- **DATA EXCERPT**
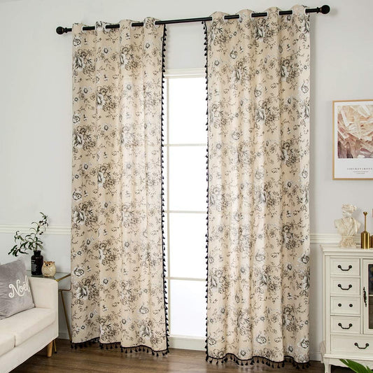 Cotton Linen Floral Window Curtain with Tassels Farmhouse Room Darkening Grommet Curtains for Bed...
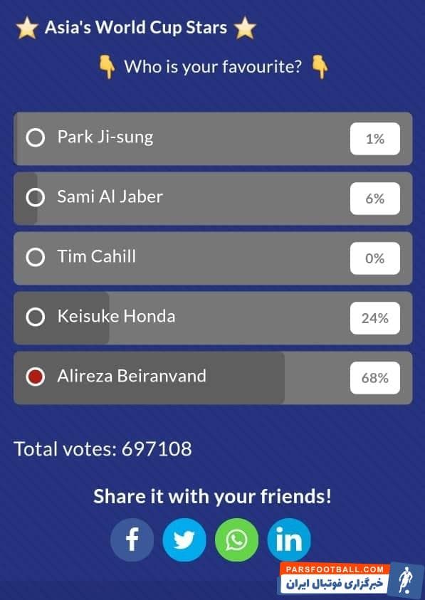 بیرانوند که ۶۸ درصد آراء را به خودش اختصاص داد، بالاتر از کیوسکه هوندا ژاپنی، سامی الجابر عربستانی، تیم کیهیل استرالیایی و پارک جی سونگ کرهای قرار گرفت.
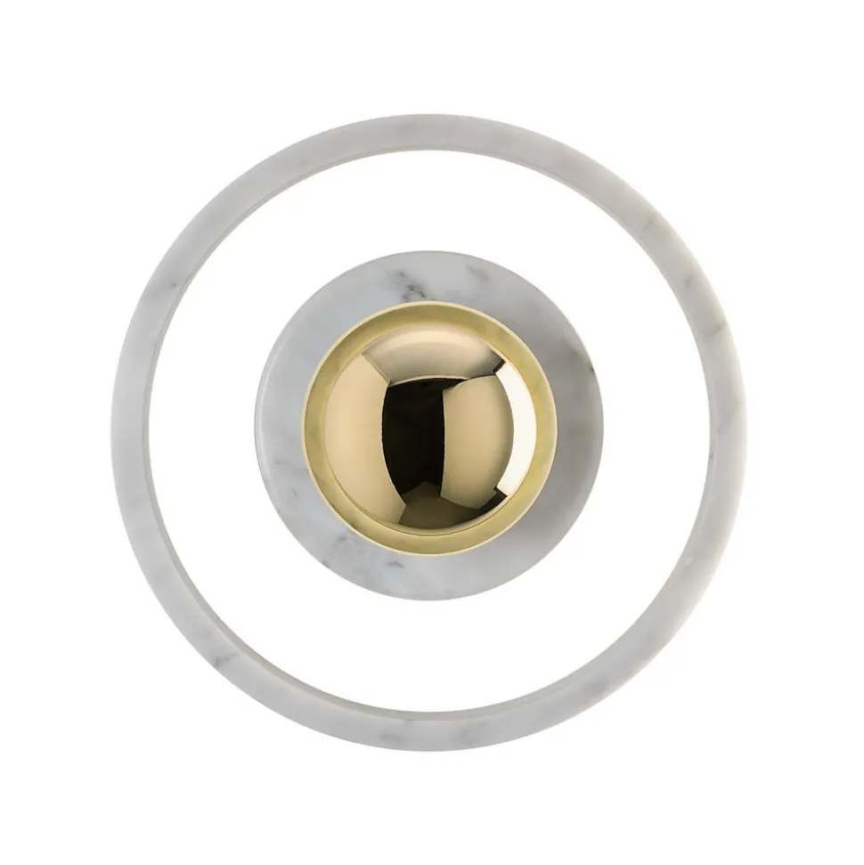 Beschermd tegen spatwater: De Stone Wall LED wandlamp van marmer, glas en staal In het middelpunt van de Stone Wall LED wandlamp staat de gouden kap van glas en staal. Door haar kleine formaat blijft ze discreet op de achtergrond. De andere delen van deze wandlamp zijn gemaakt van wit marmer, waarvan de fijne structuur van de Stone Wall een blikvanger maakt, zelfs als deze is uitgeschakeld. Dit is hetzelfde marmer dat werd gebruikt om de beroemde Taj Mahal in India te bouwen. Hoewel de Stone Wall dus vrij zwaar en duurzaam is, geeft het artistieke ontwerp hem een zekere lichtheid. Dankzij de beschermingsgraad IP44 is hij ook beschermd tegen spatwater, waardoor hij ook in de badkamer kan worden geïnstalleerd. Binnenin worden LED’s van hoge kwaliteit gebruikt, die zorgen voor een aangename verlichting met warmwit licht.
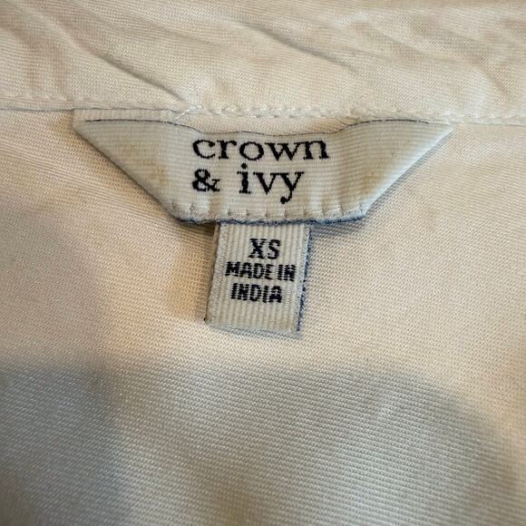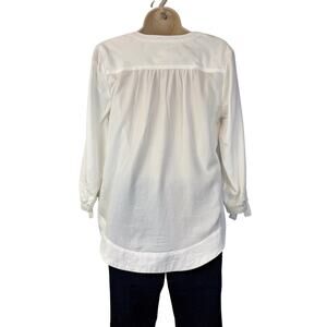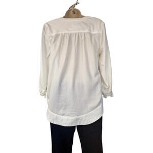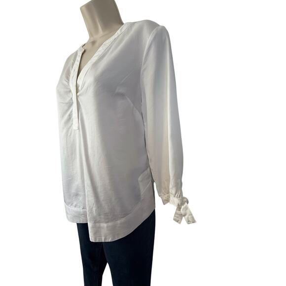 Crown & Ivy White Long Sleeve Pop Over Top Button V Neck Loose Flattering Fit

- **PROBLEM TO SOLVE**
All that is needed is the exact run of lines from the start of the material above through the one containing "بیرانوند که ۶۸", pictures left out.

- **YOUR SOLUTION**
 Cotton Linen Floral Window Curtain with Tassels Farmhouse Room Darkening Grommet Curtains for Bed...
 بیرانوند که ۶۸ درصد آراء را به خودش اختصاص داد، بالاتر از کیوسکه هوندا ژاپنی، سامی الجابر عربستانی، تیم کیهیل استرالیایی و پارک جی سونگ کرهای قرار گرفت.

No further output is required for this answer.